I need to talk about this to someone and thought I would update my
status with testing.
I have just gotten back from Wichita Kansas where I underwent several
interviews by different kinds of doctors to determine if I fit the
criteria to have the Huntingtons DNA analysis done to determine if my
% of risk can be either raised (to 98 or 99%) or lowered (to 5% or
less).
I will describe each part of the process to the best of my ability.
Because I am over 700 miles away from the clinic I asked that they
attempt to schedule as many appointments in a short period of time as
possible. The Initial interview is with the "investigator" has you sign
two waivers that you understand that you are taking part in a research
project to find out what form of counseling and support system is
needed for the people undergoing the test in the future.One wavier is
general overall and the other is itemized and I had to initial each
item. One item is that they can refuse to test me if they determine
that knowing the results (if they show that I have HD) could cause
unusual hardship. I.E. If my marriage was headed down the tubes and I
was or had just lost my job or any other stressful stuff was going on
in my life they could opt to say that this is a pretty rough time to
take the test. Come back next year......later....etc.
I had a psychiatric evaluation. I had to fill out several personality
profiles two weeks before meeting the psychiatrist. They had them
evaluated and knew before I even showed my face that I symptoms of
depression. I have had chemical depression for 3 or 4 years. This is
one of the signs of Huntingtons. It can also be a sign for many other
illnesses and disorders. With tests we have ruled out Thyroid problems
and a few other things. I am already taking medication for depression
and see a psychiatrist locally (another requirement for long distance
testing is being under local psychiatric care). I went out and found my
psychiatrist specifically because I wanted to be tested and knew it was
a requirement.
Then psychiatric evaluation in Wichita takes place with a specific DR.
He asks about my home life and how I get along with my husband. etc.
At the end he says he does not have any reservation about me receiving
the results of the test should I be allowed to take it. He felt that I
had spent time thinking about the alternatives good and bad. He will
talk with the other doctors and they would get back with me.

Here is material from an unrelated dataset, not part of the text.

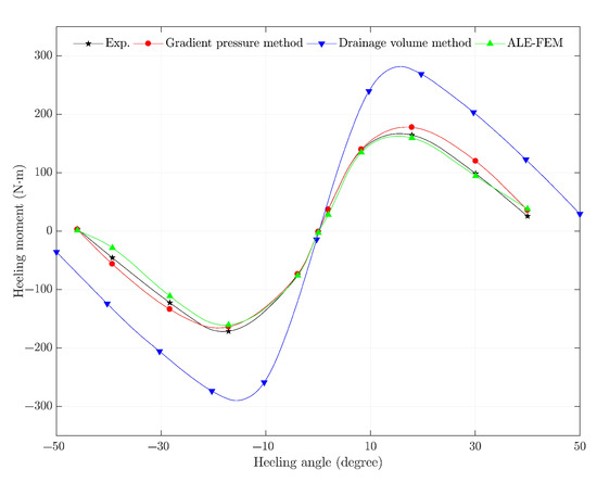 Figure 14 shows the heeling moment at different heel angles. Similar to the static-stability curve of the pure rigid model discussed in the previous section, the helicopter’s lateral static-stability moment is not zero at a heeling angle of due to a offset between the center of mass and the centroid in the y-direction. Within the small heeling angle range, the curve obtained using the drainage volume method closely resembles the static-stability results of the pure rigid model, displaying a proportional relationship between the heeling moment and heeling angle. In contrast, the results from the experiment, ALE-FEM simulation, and the gradient pressure method deviate from linearity in this range. This difference arises because even under small heeling angles, the airbags possess vertical and rotational degrees of freedom relative to the helicopter. Consequently, after the system reaches equilibrium, the airbags tend to maintain a near-horizontal posture, resulting in vertical displacements, drainage volumes, and buoyancy centers similar to those at the roll angle. As a result, the heeling moments differ from those predicted by the rigid-body-based drainage volume method. Additionally, the helicopter reaches a zero heeling moment at lower heeling angles in the experiment, ALE-FEM, and gradient pressure method compared to the drainage volume method. Due to the vertical and lateral degrees of freedom, the airbags are able to move closer to the helicopter’s body. For a given buoyant force, this reduces the moment arm provided by the airbags. Therefore, compared to the rigid model, the effective width of the system’s lower structure is significantly reduced, and the overall buoyancy center coincides with the system’s center of gravity in the y-direction at smaller roll angles.

The next interview I am scheduled with is with a gene doctor. His
primary function is to draw as detailed a "pedigree" of my family and
the affected members of it.
We went into details about my brothers and sisters, my children have
different fathers (this required the eraser one more time), My mother's
brothers and sisters who has it and who does not show symptoms at this
time, what are their birthdays who was born first..etc. Then I
mentioned infant deaths and that required more erasing as the infants
are put into the birth order. Who is married? How many children did
they have? What were their sexes? Have any of them married? Did they
have any children? What is the birth order and what are the sexes of
the children? Do any of the children or the children children show
signs of Huntingtons? Have any of them been diagnosed with Huntingtons?

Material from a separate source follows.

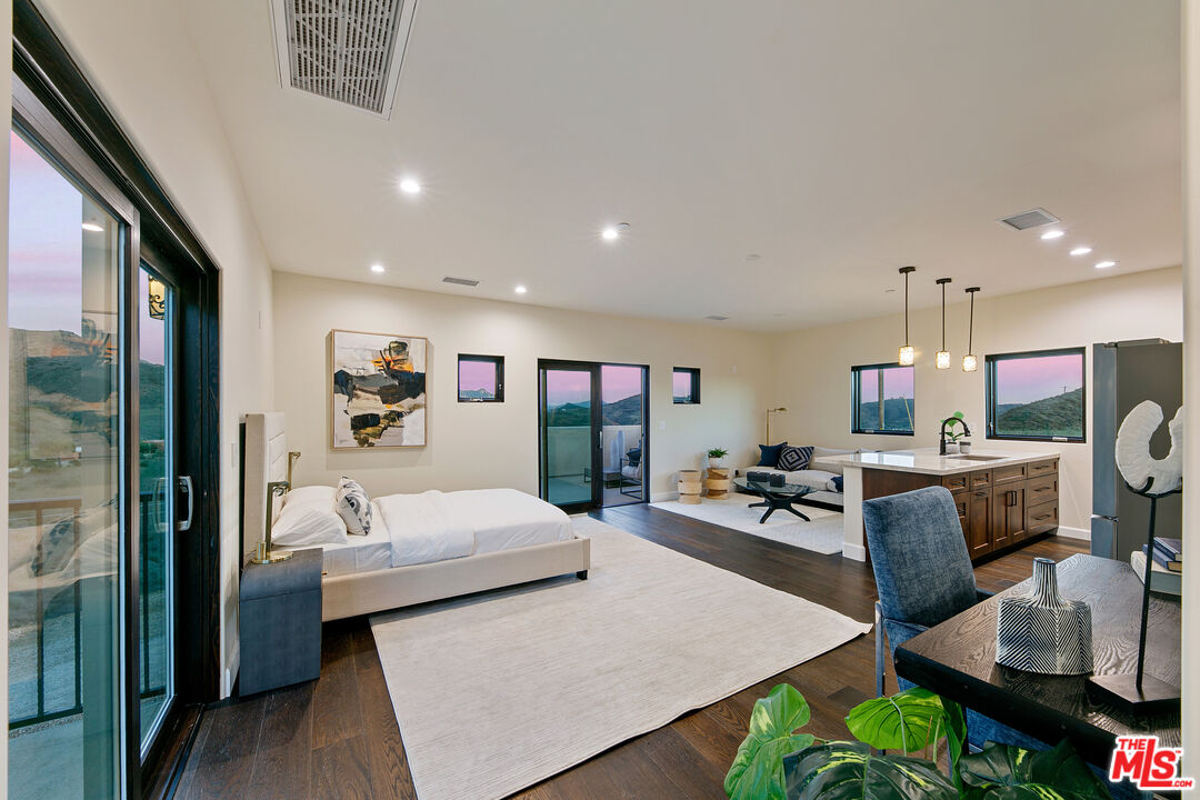 Just completed, this exceptional private estate spans approximately 20 acres, perfectly situated below the magical Boney Ridge in coveted West Malibu. Surrounded by nature and offering complete privacy, the property showcases breathtaking ocean, sunset, and Channel Islands views. The main residence features five bedrooms and four full baths, thoughtfully designed with vaulted ceilings and an expansive living area that flows seamlessly to the outdoors. Walls of glass open to an ocean-view infinity-edge pool and spa, creating a stunning indoor-outdoor lifestyle with multiple areas for entertaining and relaxation. The primary suite is a true retreat, highlighted by a fireplace and a luxurious spa-inspired bath. A fifth bedroom suite, complete with its own private entrance and kitchen, offers flexibility as a guest house or private living quarters. The estate also includes two separate buildable pads with re-approval permits in the final stages. One pad is planned for a fully independent guest house featuring two bedrooms and a two-car garage. The second pad is designed for a barn or car barn, with all utilities conveniently run underground. This rare offering combines new construction, expansive land, panoramic views, and total seclusion in one of Malibu's most enchanting locations. A truly magical estate must be seen to be appreciated.

They even made another slot for my miscarriage.
His other role is to make sure I understand that there are a few
glitches to their system. Explaining about the marker and it is only a
marker is not the gene even though it follows the gene closely there is
a 1% chance that the gene would not follow the marker and that you
could get a positive result and still be negative for the gene.
there is also the possibility that the test could be indecisive. This
can happen because the marker for the specific Gene is different for
different families. the marker will be in the same place on the DNA
strand but it will look different for each person and differs from
family to family.
Say HD follows the c marker in a family
aa bc
\ /
\ /
ac
This person gets the a from one parent and the c from the affected
parent If you know that the parent (bc) is affected and that c is the
marker(this is determined by previous testing of other family members
who are and are not affected) then you can be reasonable sure (99%) That
the child is affected and will(if he lives long enough) eventually
develop the symptoms of the disease.
Now if the parents have similar markers like the following example then
the test could be inconclusive for some or all of the children
depending on the markers the children inherit.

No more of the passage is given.